Author Names in full: Maya Kimura1, Hatsue Furukawa1, Masanobu Shoji2, Tadahiro Shinozawa1

1Department of Anatomy, Physiology, and Pharmacology, Faculty of Veterinary Medicine, IPB University, Bogor, Indonesia; 2Department of Biology, Faculty of Mathematics and Natural Sciences, IPB University, Bogor, Indonesia; 3Center for Research and Development of Biomedical and Basic Health Technology, National Institute of Health Research and Development, Ministry of Health Republic of Indonesia

Supplementary Information

Fluorescent immunostaining for cardiac markers
Several beating EBs derived from hiPSCs on days 30–60 after the induction of differentiation were picked and dissociated using 10 mg/mL collagenase IV (MP Biomedicals, OH, USA) for 3−4 h at 37°C. The dissociated cells were seeded on collagen I-coated dishes. Two or three days after seeding, the cells were fixed in 4% formaldehyde for 30 min and subsequently permeabilized with 2.5% Tween 20 (WAKO, Kanagawa, Japan) at room temperature. The cells were incubated at 4°C overnight with the following primary antibodies diluted in Dulbecco’s PBS(-) buffer (PBS, Gibco): monoclonal anti-cardiac troponin T (cTnT, 1:100 dilution; Abcam, MA, USA, ab33589), polyclonal anti-GATA4 (1:100 dilution; Abcam, ab63398), and monoclonal anti-cardiac actin (1:50 dilution; Fitzgerald, MA, USA, 10R-C116a). Fluorescent dye-conjugated secondary antibodies, Texas red-conjugated goat anti-rabbit IgG (1:100; Vector, CA, A21202), or FITC-conjugated rabbit anti-mouse IgG (1:40; Dako, Denmark, A10042) were applied to the cells for 1 h at room temperature. After the reaction, the cells were washed three times with a washing buffer (PBS containing 0.5% Triton-X 100 [Sigma, MO, USA] and 0.5% bovine  serum  albumin  [Sigma]).  The nuclei  were  stained  with 5 µg/mL Hoechst 33342 (Sigma) for 10 min at room temperature, after which the cells were again washed three times with the washing buffer. The specimens were then observed under Biozero fluorescence microscope BZ-9000 (Keyence, Osaka, Japan).
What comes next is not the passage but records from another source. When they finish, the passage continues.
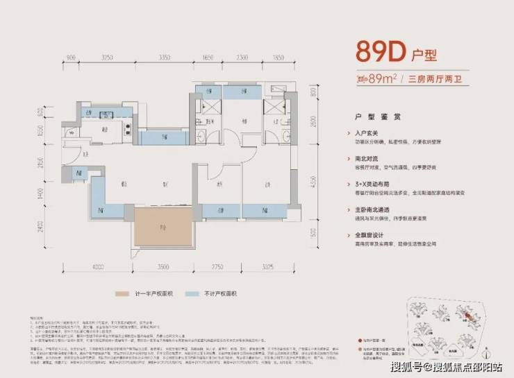 89㎡3房:268-302万,单价2.98-3.39万/㎡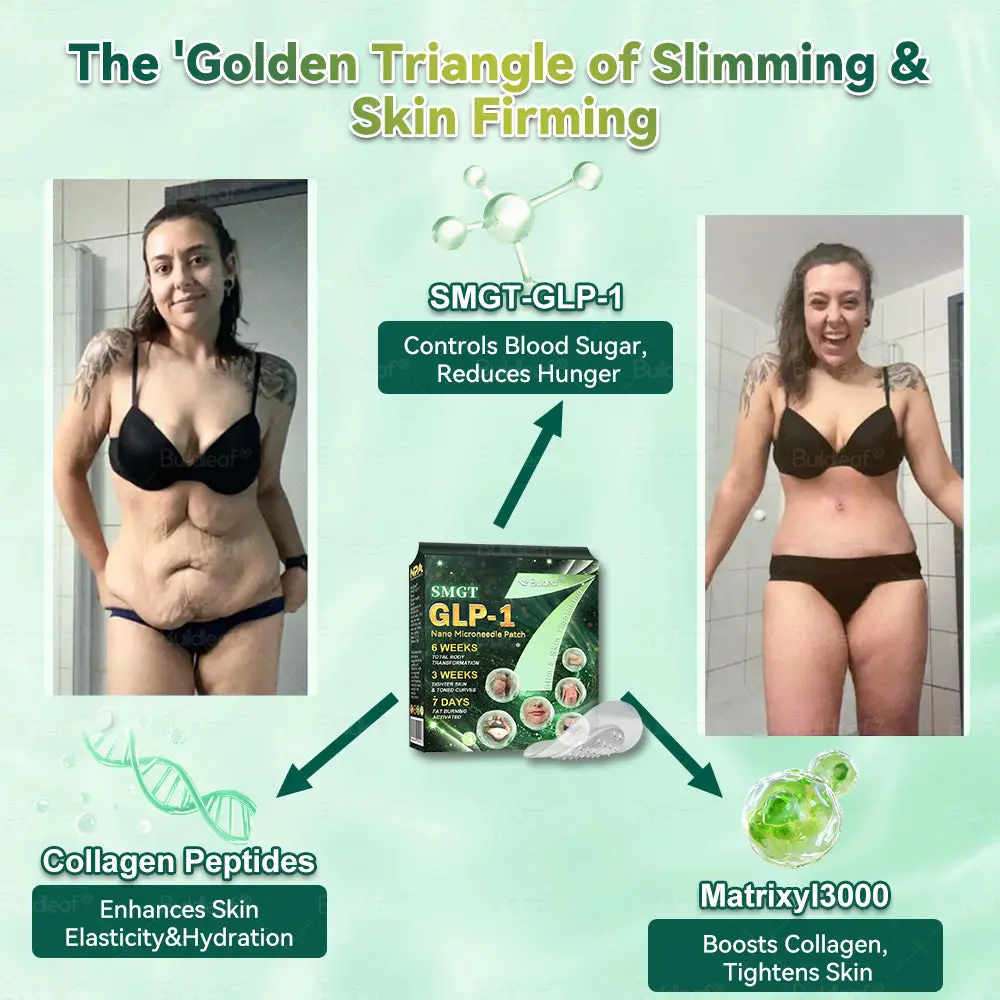 The Buildleaf® GLP-1 Nano Microneedle Patch. developed by The Obesity Society. combines advanced SMGT-GLP-1 technology with Matrixyl 3000 to promote weight loss. regulate blood sugar. and improve metabolic balance. It precisely delivers active ingredients to the skin's deeper layers. aiding insulin regulation. reducing fat. and enhancing health. Simultaneously. Matrixyl 3000 boosts skin regeneration. improving firmness and skin texture during weight loss. Designed by obesity experts after years of research. this innovative patch offers a comprehensive solution for body shaping. skin tightening. and achieving long-term health goals.
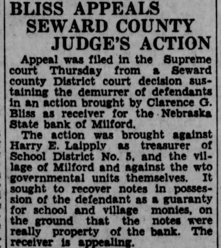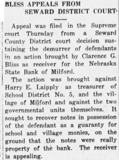 Appeal was filed in the Supreme court Thursday from a Seward County District court decision sustaining the demurrer of defendants in an action brought by Clarence G. Bliss as receiver for the Nebraska State Bank of Milford. The action was brought against Harry E. Laipply as treasurer of School District No. 5, and the village of Milford and against the two governmental units themselves. It sought to recover notes in possession of the defendant as a guaranty for school and village monies, on the ground that the notes were really property of the bank. The receiver is appealing.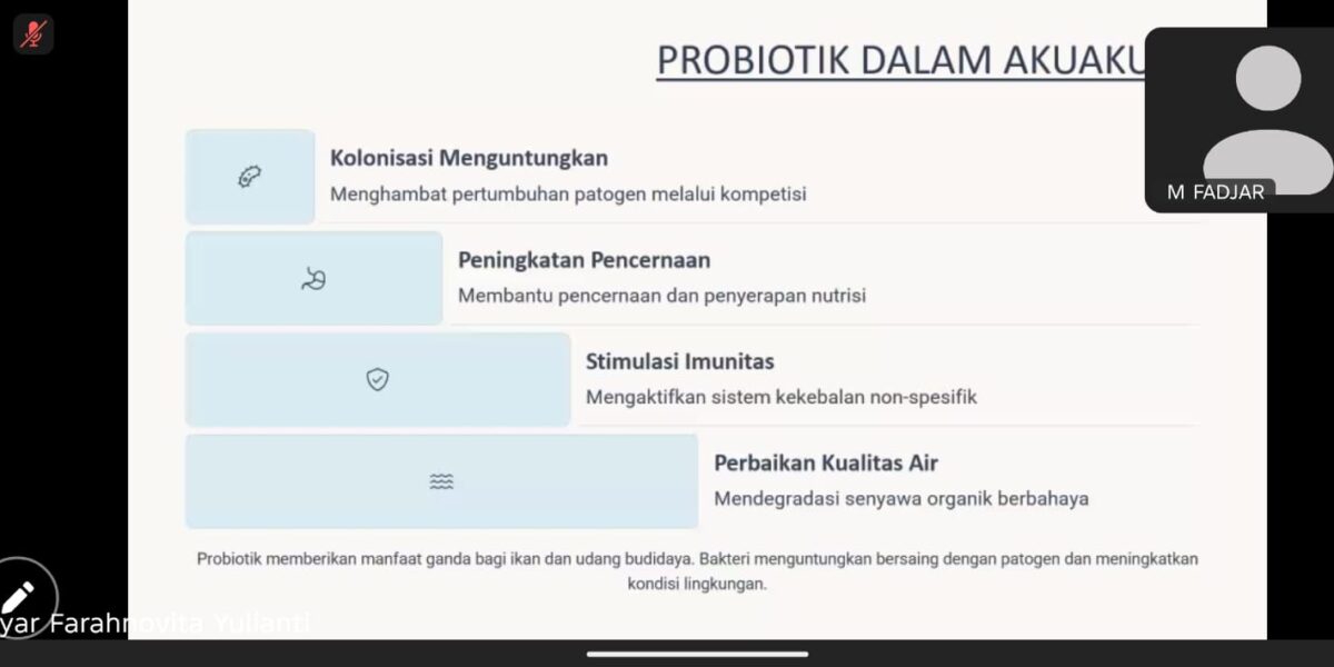 Beliau menekankan bahwa imunostimulan bukanlah pengganti vaksin, melainkan pelengkap yang memperkuat respons imun ikan dan udang dalam jangka pendek maupun menengah. Dengan pemanfaatan yang tepat, imunostimulan mampu menekan tingkat kematian, mempercepat pertumbuhan, serta mengurangi penggunaan antibiotik dalam budidaya, sehingga lebih ramah lingkungan dan berkelanjutan. Beberapa hasil riset terbaru yang dipaparkan juga menunjukkan efektivitas imunostimulan dalam menekan infeksi dari bakteri dan virus yang umum menyerang udang vannamei dan ikan nila.

Assessment of hiPS-CM electrophysiological function

Microelectrode array analysis was performed to investigate the electrophysiological characteristics of hiPS-CMs around day 30 using the MED 64 Quad system (Alpha MED Sciences, Osaka, Japan) as described previously [1]. Human iPS-CMs were plated on MED-probe dishes (Alpha MED Sciences) and cultured at 37°C for several days to allow attachment.

Supplementary Figure 1.:
Characterization of hiPSC-derived cardiomyocytes in 253G1. (A) Immunostaining of GATA4 (red) and cardiac troponin T (cTnT; green) and cardiac actin (green). The nuclei were counterstained with Hoechst 33342 (blue). Bars = 50 m. (B) Measurement of field potential of cardiomyocytes from 253G1 line.